Just heard from our supplier the airline bumped our delivery date. I will let you guys know when I hear back from them. It will still be this week, were just not sure when. 

CRS


----------



## Tristan (Aug 15, 2011)

Corals are on route. Will land Wednesday afternoon. Ready for sale Thursday morning!!!


----------



## Tristan (Aug 15, 2011)

*Its here!!!*


----------



## Tristan (Aug 15, 2011)




----------



## Taipan (Feb 12, 2012)

*Ooo....Nice.....*

Sexy.....


----------



## thmh (Mar 17, 2011)

oh hot damn!!! crs bring the heat!


----------



## Ben J (May 18, 2013)

And time to go broke


----------



## Flazky (Jan 9, 2010)

Superb shipment. got some killer pieces there!


----------



## Zvonmonet (Dec 4, 2012)

very nice pectinias


----------



## Taipan (Feb 12, 2012)

*It took me awhile......(Sorry lol) ......*

A lot of people have asked me if I've seen their new shipment yet. I finally managed to make my way down this afternoon (I needed an excuse and found one). A well deserved trip. There is still a lot of nice specimens available. Enclosed are some eye candy taken from a mobile phone. Enjoy.

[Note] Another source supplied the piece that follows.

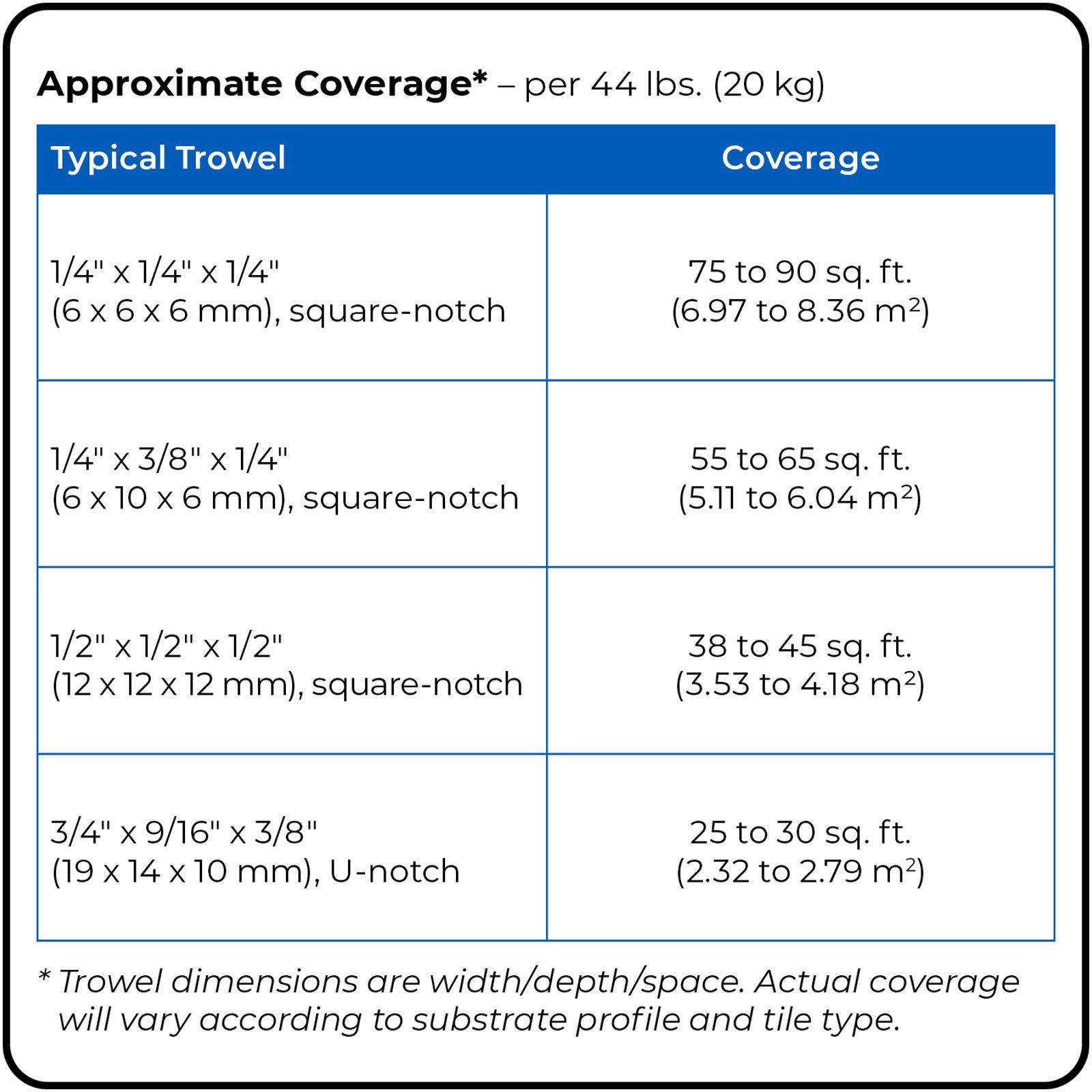 The estimated amount of coverage based on product size and manufacturer’s recommend (or commonly used) install application.

P.S. - Thanks to Tristan for the great conversation and showing me (and the people I was shopping for) some love. 

P.P.S. - Mark and Shawn's presence are sorely missed.  Yeah - whatever....it's summer and they're enjoying it. I don't blame them. lol


----------



## Taipan (Feb 12, 2012)

*Worthy of a 2nd visit......*

I broke down figuratively and trekked Burlington way again. I'm broke literally because I did venture there again. I would have been MORE broke if Tristan had not "showed me some love" on pricing.  Thanks again. 

I'm weak. I admit it.

Acanthastrea maxima pieces (debatable; scholarly literature suggest that this classification of acan is no longer relevant and that there is/should be in fact a sub classification of smaller "mini" scolymia that would be more accurate)

Acanthastrea bowerbanki - "mini donut"/"mini scolymia" (debatable; uncertain what it actually is....it's just plain cool)

Peach/Orange Spiny Pectinia alcicornis

P.S. - Still miss Shawn and Mark (no offence Tristan lol  )


----------



## rburns24 (Jan 31, 2011)

Very nice acro, lower left, first pic. Your tank is changing.

P.S. FTS time.


----------



## mr.omz (Feb 12, 2013)

*what kinda shroom*

what kind of ric shroom is the one in the first pic ?


----------



## Coral Reef Shop (Jun 3, 2013)

They are Jumbo Yumas. We have a couple pieces left, they are about 3" across. No more blues, just oranges and pinks.


----------



## mr.omz (Feb 12, 2013)

*shrooms*

i want some blues .. any idea if you will get more


----------



## Coral Reef Shop (Jun 3, 2013)

We get them fairly regularly. We won't have more for a while until we get a new coral order in.


----------



## fury165 (Aug 21, 2010)

Tristan what are these zoas called and do you have any more???


----------



## Tristan (Aug 15, 2011)

I have the first ones at home... Perks I guess. We have more of the second photo in the shop. Frags and colonies available.


----------



## fury165 (Aug 21, 2010)

. Will have to pay more attention next time lol.


----------